- [TASK DIRECTIONS]:
Look through the material below and copy exactly the lines from the line with "Fleetguard® LF16109 spin-on" to the line with "Włosy syntetyczne w", those two lines included.

- [ENTRIES PROVIDED]:
==========
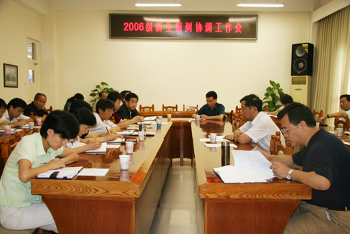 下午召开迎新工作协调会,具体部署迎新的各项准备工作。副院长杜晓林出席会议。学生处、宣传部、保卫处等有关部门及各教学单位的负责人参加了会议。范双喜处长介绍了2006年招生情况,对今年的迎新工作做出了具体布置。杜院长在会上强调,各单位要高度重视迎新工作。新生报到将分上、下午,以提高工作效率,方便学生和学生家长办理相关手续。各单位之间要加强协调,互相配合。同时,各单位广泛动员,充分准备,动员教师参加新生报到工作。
==========
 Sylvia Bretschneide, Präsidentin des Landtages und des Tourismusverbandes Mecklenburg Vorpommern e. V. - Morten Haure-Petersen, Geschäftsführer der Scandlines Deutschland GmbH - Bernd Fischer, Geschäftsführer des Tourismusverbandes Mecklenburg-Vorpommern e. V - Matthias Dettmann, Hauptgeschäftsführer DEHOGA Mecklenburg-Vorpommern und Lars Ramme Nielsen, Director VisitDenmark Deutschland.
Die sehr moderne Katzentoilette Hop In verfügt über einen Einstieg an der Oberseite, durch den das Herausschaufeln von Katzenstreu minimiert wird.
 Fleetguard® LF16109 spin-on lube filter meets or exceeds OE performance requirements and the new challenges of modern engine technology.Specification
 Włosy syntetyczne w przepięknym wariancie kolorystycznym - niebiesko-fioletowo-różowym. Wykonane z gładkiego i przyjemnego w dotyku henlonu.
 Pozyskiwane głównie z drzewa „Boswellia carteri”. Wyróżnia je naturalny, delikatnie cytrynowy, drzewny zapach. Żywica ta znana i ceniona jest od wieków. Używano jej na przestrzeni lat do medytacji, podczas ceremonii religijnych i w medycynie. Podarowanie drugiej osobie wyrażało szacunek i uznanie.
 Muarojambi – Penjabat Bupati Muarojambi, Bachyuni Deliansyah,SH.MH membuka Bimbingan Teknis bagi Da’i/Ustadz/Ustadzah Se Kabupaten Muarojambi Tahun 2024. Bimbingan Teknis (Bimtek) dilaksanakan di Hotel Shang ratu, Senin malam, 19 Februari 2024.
==========
- [ANSWER FOR THE TASK]:
 Fleetguard® LF16109 spin-on lube filter meets or exceeds OE performance requirements and the new challenges of modern engine technology.Specification
 Włosy syntetyczne w przepięknym wariancie kolorystycznym - niebiesko-fioletowo-różowym. Wykonane z gładkiego i przyjemnego w dotyku henlonu.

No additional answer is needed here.